WLFW
- Johnston, South Carolina; United States;
- Broadcast area: Augusta, Georgia
- Frequency: 92.7 MHz
- Branding: The Life 92.7

Programming
- Format: Southern gospel

Ownership
- Owner: The Power Foundation

History
- First air date: August 26, 1985
- Former call signs: WTQY (9/1984-10/1984, CP); WKSX-FM (1984–2020);

Technical information
- Licensing authority: FCC
- Facility ID: 18656
- Class: A
- ERP: 1,800 watts
- HAAT: 176 meters (577 ft)

Links
- Public license information: Public file; LMS;
- Webcast: Listen live
- Website: thelife927.com

= WLFW =

WLFW is a southern gospel-formatted radio station located in Johnston, South Carolina, and is part of the Augusta, Georgia, radio market (mostly on the South Carolina side of the Savannah River). The station is licensed by the Federal Communications Commission (FCC) to broadcast at 92.7 FM with an effective radiated power (ERP) of 1.8 kW.

==History==
WLFW signed on August 26, 1985, as WKSX-FM, the FM to WJES (1190 AM), simulcasting full-time. Both stations had a mostly satellite-fed adult contemporary format, with local high school sports. For a time in the late 1980s/early 1990s, the station would feature album rock at night, but was gone by the fall of 1991, replaced with oldies. The station segued into oldies full-time by 1992 as "Oldies 92.7".
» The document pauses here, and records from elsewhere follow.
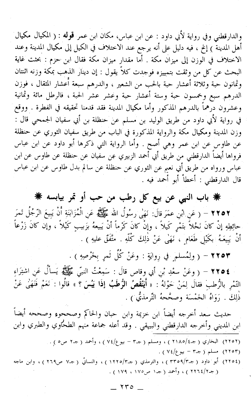 2254 - (وَعَنْ سَعْدِ بْنِ أَبِي وَقَّاصٍ قَالَ: «سَمِعْتُ النَّبِيَّ - صَلَّى اللَّهُ عَلَيْهِ وَسَلَّمَ - يُسْأَلُ عَنْ اشْتِرَاءِ التَّمْرِ بِالرُّطَبِ فَقَالَ لِمَنْ حَوْلَهُ: أَيَنْقُصُ الرُّطَبُ إذَا يَبِسَ؟ قَالُوا: نَعَمْ فَنَهَى عَنْ ذَلِكَ.» رَوَاهُ الْخَمْسَةُ وَصَحَّحَهُ التِّرْمِذِيُّ) .
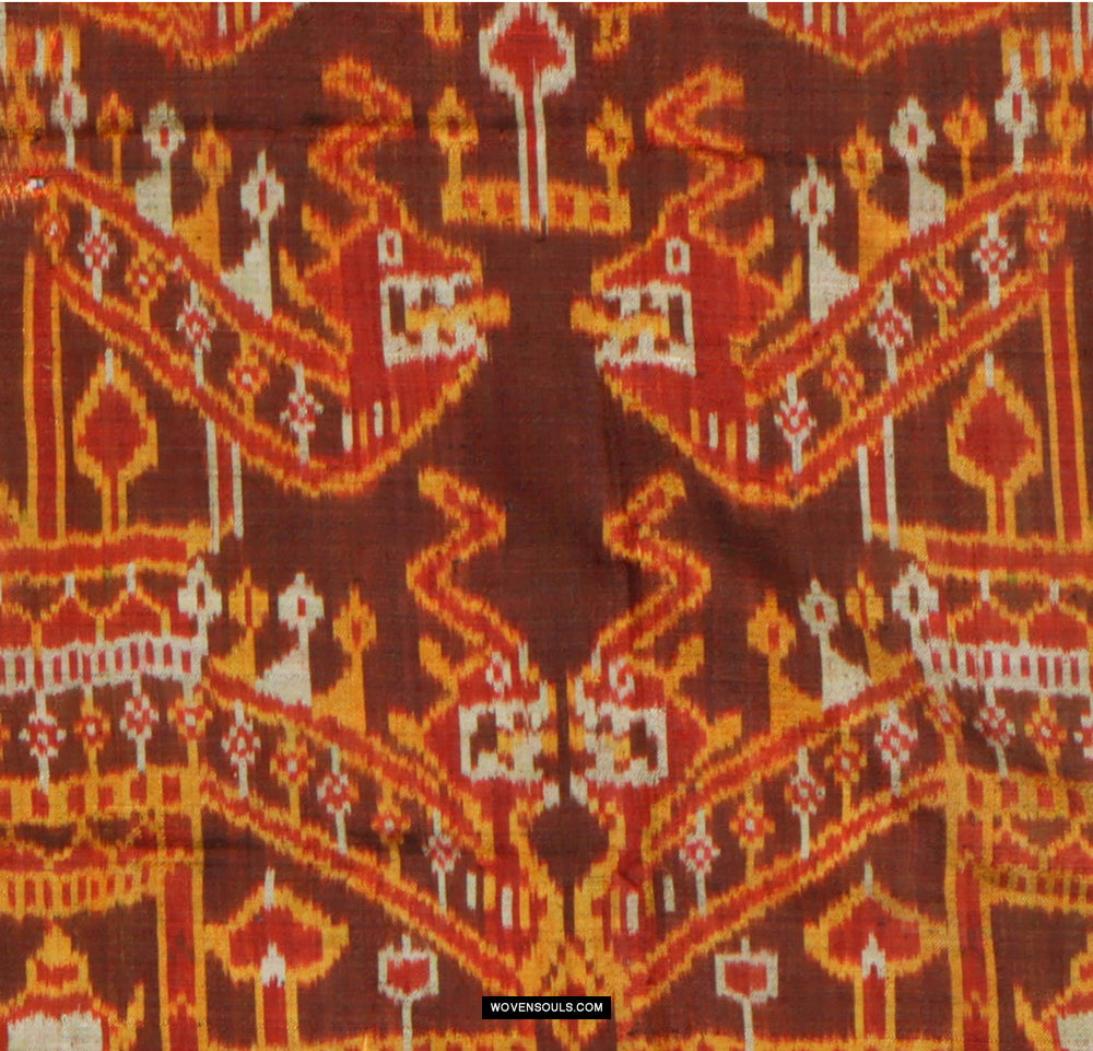 Why do I say that? In creating ikat, the design is planned first, then the threads are laid out parallel to each other and dyed according to the design intended. At the time of dyeing, the threads are free floating and not attached to each other. It is only after the unattached threads are dyed in the many colors needed, that they are woven in together. And naturally some misalignment creeps in during weaving and gives rise to a rough look on each motif at the color-change edges.  In places like Pochampally, the designs are large, and each color on a thread occupies a few centimeters or even a few inches and the misalignment can be seen over a few millimeters at the edge of every color. (The error must necessarily be a small fraction of the total otherwise the intended design would not be evident at all and would appear as a messy hodgepodge of colors.) On the other hand,  in antique Pidans from Cambodia the color changes every few millimeters. So, the scope for misalignment is much much less. The time consumed and the attention required to produce motifs that are precise to a millimeter is enormous.  And that is why old ikats from Cambodia are the finest among the ones I've seen.
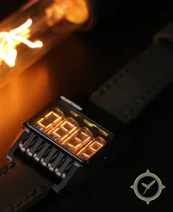 A Digital watch, crafted from stainless steel featuring a orange dial with a unique nixie tube display finish.
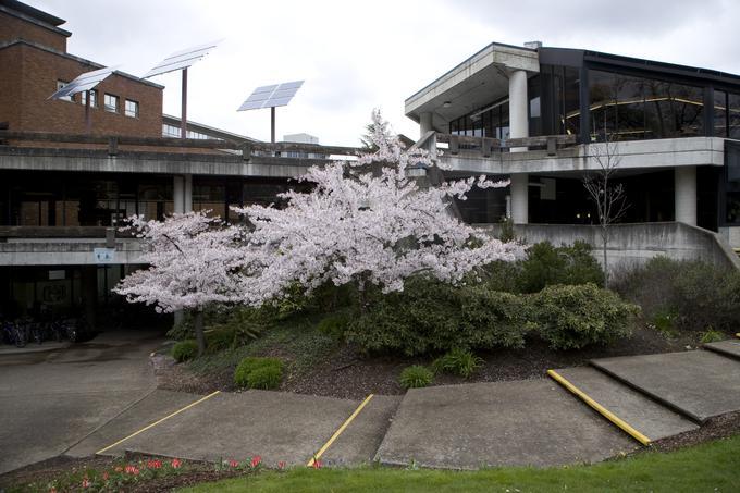 Solar panels on the Erb Memorial Union building, University of Oregon, 2008.
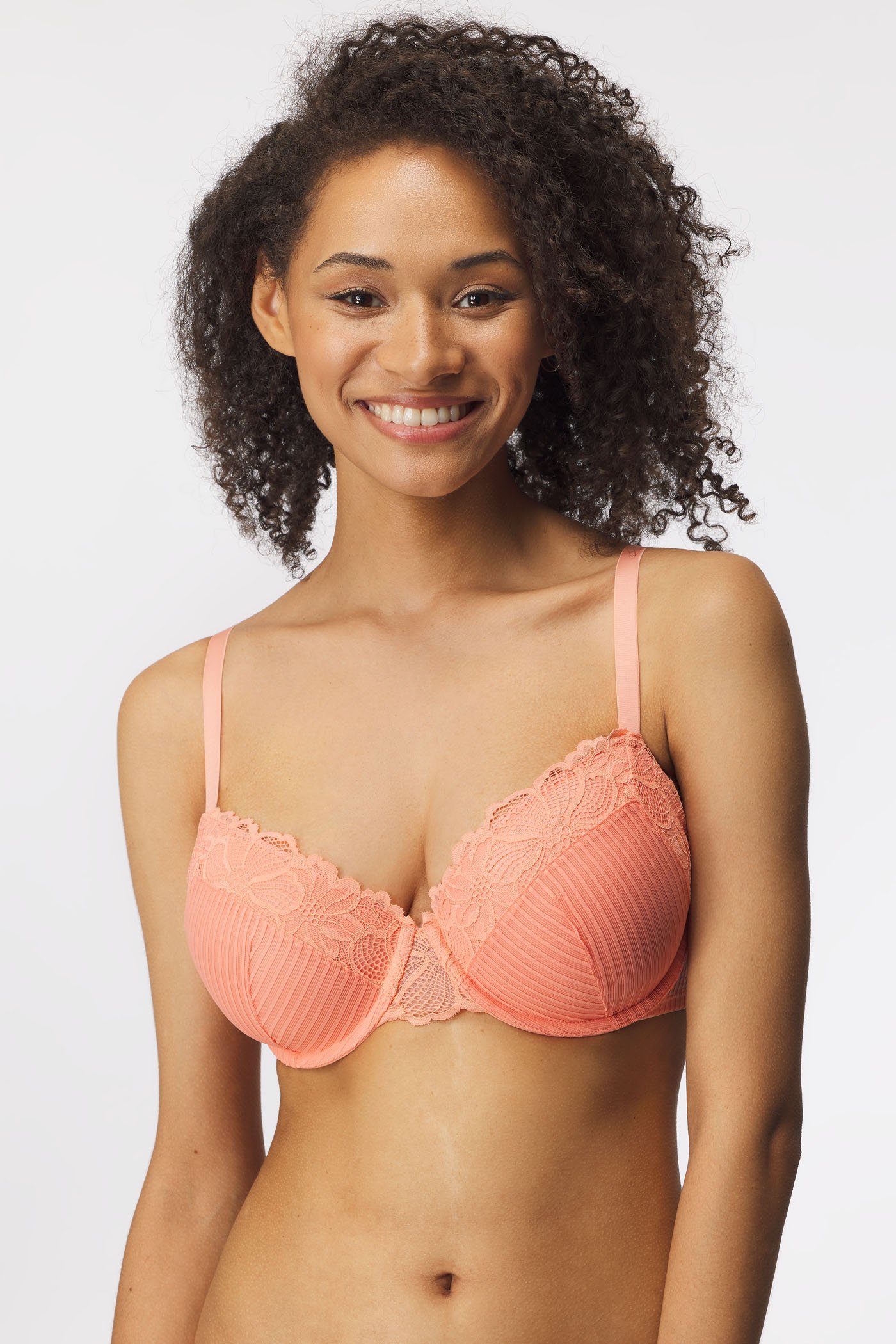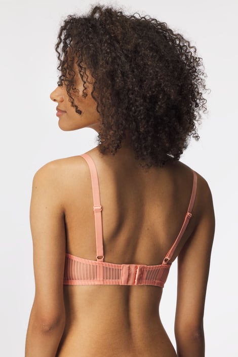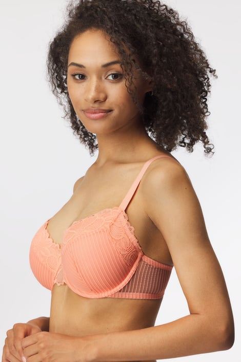 Podprsenka Karly Coral v jemném korálovém odstínu. Košíčky vás překvapí svou měkkostí i komfortním střihem, který lichotivě tvaruje menší i větší ňadra. Decentní proužky doplňuje něžná květinová krajka.
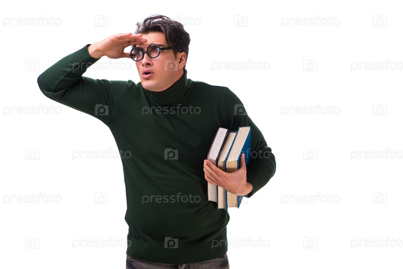 Нерд молодой студент с книгами, изолированными на белом
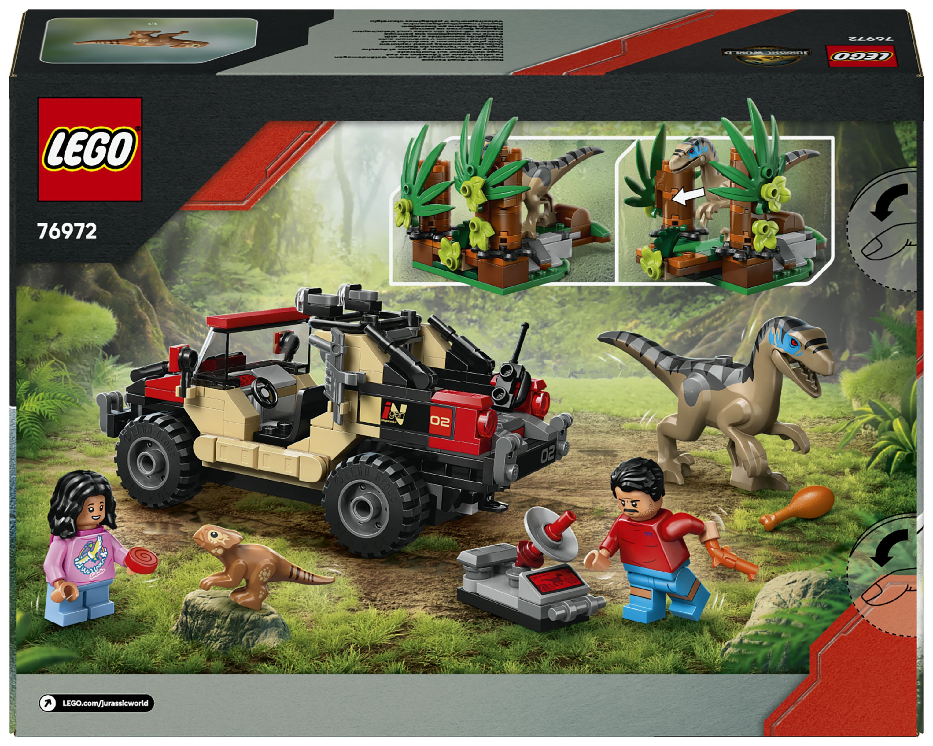 LEGO® Jurassic World Raptor: Verfolgungsjagd mit dem Geländewagen (76972); Bauset mit Auto für Abenteuergeschichten; Geschenk zu jedem Anlass für Jungen und Mädchen ab 6 Jahren
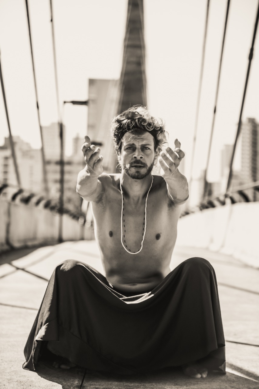 O proponente Samuel Zanatta em perfomance durante as oficinas Foto Thiago Rochetto
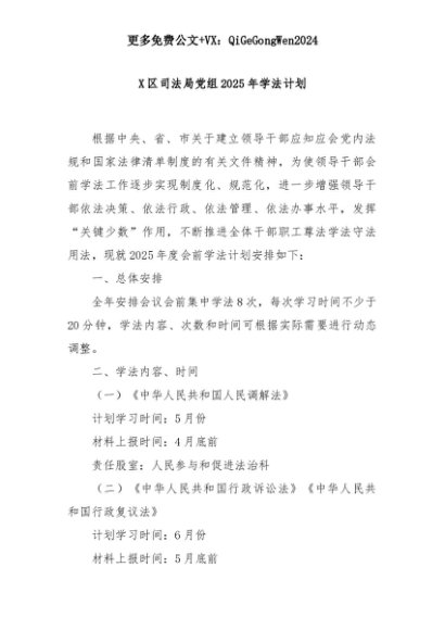 【七哥公文】2025年:X区司法局党组2025年学法计划+更多免费公文+VX:QiGeGongWen2024+更多免费公文+VX:QiGeGongWen2024

In 1996, WKSX-FM was paired with 92.1 WJRQ in Saluda, South Carolina. WJRQ became WJES-FM and both stations became "The Twins", still with an oldies format. This lasted until 2004, when WJES-FM was sold and moved to Irmo, South Carolina, becoming WWNU. After the sale, WKSX-FM continued with the oldies format and featured Carolina beach music programming on the weekends. The station's news and sports programming included NBC News Radio, South Carolina Radio Network and USC Gamecocks athletics.

The station was owned by Michaelsen Communications LLC until it was sold effective October 8, 2020, to the Power Foundation, owner of The Life FM network, which changed the format to southern gospel. Power Foundation paid $180,000 to acquire WKSX-FM. The station changed its call sign on October 9 to WLFW.